**TASK DETAILS**.
Write out the data below in full, unchanged, minus the images.

**DATASET EXCERPT**.
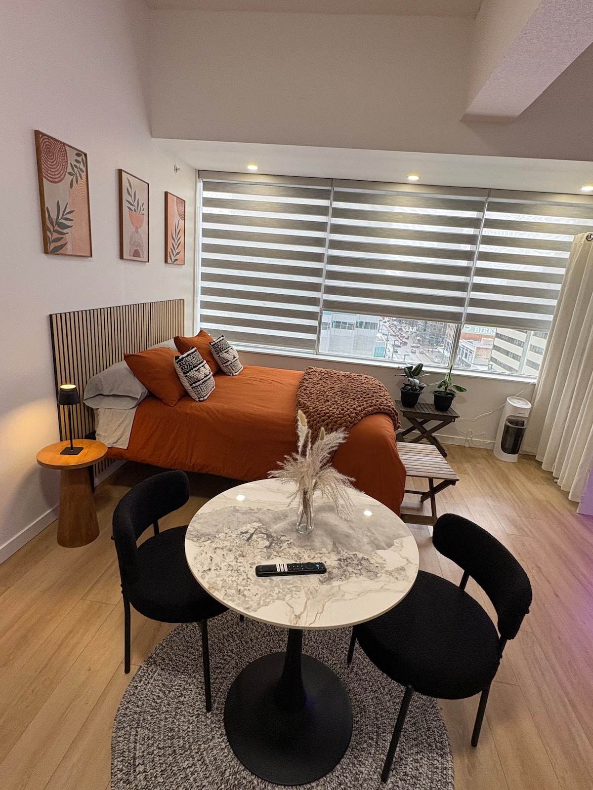 Experience upscale urban living in the heart of downtown Edmonton! This stylish loft comfortably sleeps 3 and is perfect for business travelers, couples, or small groups looking for a high-end stay. Enjoy top-tier amenities, including premium Miele appliances, a Sub-Zero refrigerator - all set within a sleek, open-concept space that blends industrial charm with modern elegance.
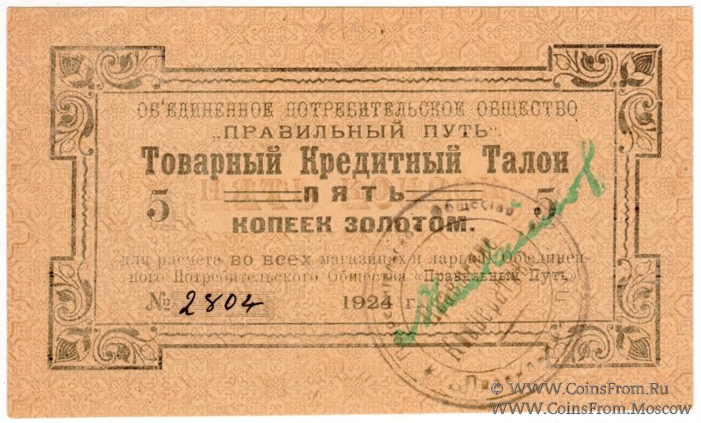 Товарный кредитный талон (золотом). Подпись зеленая. Объединенное потребительское общество "Правильный путь".
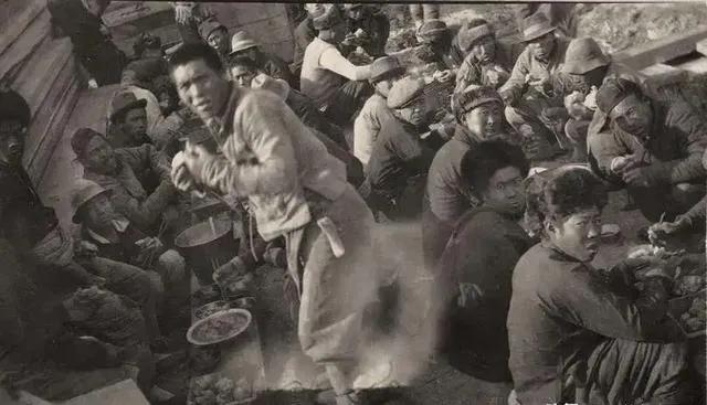 这一群人蹲在地上端着碗,是最原始的食堂,铁锅里勺子一舀分到手,热气在脸上化成汗珠,衣襟上全是土,谁也顾不上,吃完一抹嘴就开干,简单直接,不讲究排场,讲究顶饱。

**RESPONSE TO THIS EXERCISE**.
 Experience upscale urban living in the heart of downtown Edmonton! This stylish loft comfortably sleeps 3 and is perfect for business travelers, couples, or small groups looking for a high-end stay. Enjoy top-tier amenities, including premium Miele appliances, a Sub-Zero refrigerator - all set within a sleek, open-concept space that blends industrial charm with modern elegance.
 Товарный кредитный талон (золотом). Подпись зеленая. Объединенное потребительское общество "Правильный путь".
 这一群人蹲在地上端着碗,是最原始的食堂,铁锅里勺子一舀分到手,热气在脸上化成汗珠,衣襟上全是土,谁也顾不上,吃完一抹嘴就开干,简单直接,不讲究排场,讲究顶饱。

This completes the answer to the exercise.